The Culture of Make BelieveThe Culture of Make-BelieveDerrick Jensen

Exploring the manifestations of social hatred (from lynchings to the Holocaust to Iraq and beyond) from a deep ecology-minded perspective, Derrick Jensen condemns the current System in a fast-paced narrative.  It is critical to understand the deeper, questionable machinations that control social patterns and impact the well-being of ourselves and our planet.  This book also explores the problem of an apathetic populace and the corporate domination of every sector of life as humanity stumbles onwards towards its great cosmic destiny.

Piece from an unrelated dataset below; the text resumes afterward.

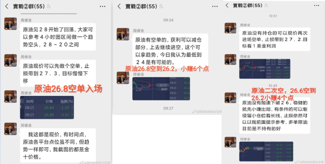 黄金周睿金本周的思路一直是低多看涨不变,奈何行情墨迹震荡修复,好在昨天周二的操作中,两次在1695多单入场,均收获满满,今日的思路依旧低多为主,给出的多单点位1695-98-1700-03,手上有跟还上这些多单的朋友继续耐心持有即可,坐等晚间小非农助涨起飞。原油在线下实仓指导中,周睿金团队已经给出两单空单,早间08:15分给出26.8现价空入场,空单在北京时间09:23分于26.2止盈离场,小赚6美金;第二单空单在北京时间10:50分油价26.6入场空,空单于北京时间12:42分在26.2小赚4美金离场。震荡行情稳健为主,利润见好就收!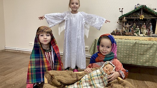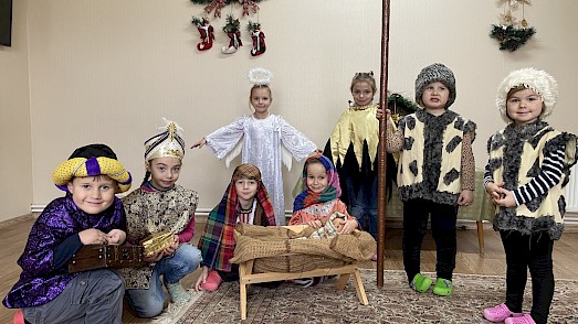 Wir haben zusammen die Weihnachtsgeschichte gelesen. Später durften sich die Jungen und Mädchen verkleiden. Maria hielt stolz eine Puppe in ihren Armen, das neugeborene Jesuskind. Wir spielten die Geschichte nach. Dazu hörten wir Weihnachtsmusik und für einige Momente vergaßen die Kinder den Krieg und die Kampfflugzeuge, die über unsere Städte und Dörfer fliegen.

Free Cell -Anselm Berrigan Anselm Berrigan’s free radical poetry chops your hands off mid-line, drops the book into your lap, and caresses you with disquiet indie pop allusions and echoes of ubiquitous advertising absurdities as it cheers on that last ill-intentioned pint before the crestfallen exit from the pub on a Monday night while ambitiously and unambiguously telling you it might not be OK, but I wouldn’t know anyway.  This small tome, published by City Lights Press, features three poems worthy of multiple sittings.  All of Anselm Berrigan’s work is highly recommended; Integrity & Dramatic Life and Some Notes on My Programming are essential must-haves.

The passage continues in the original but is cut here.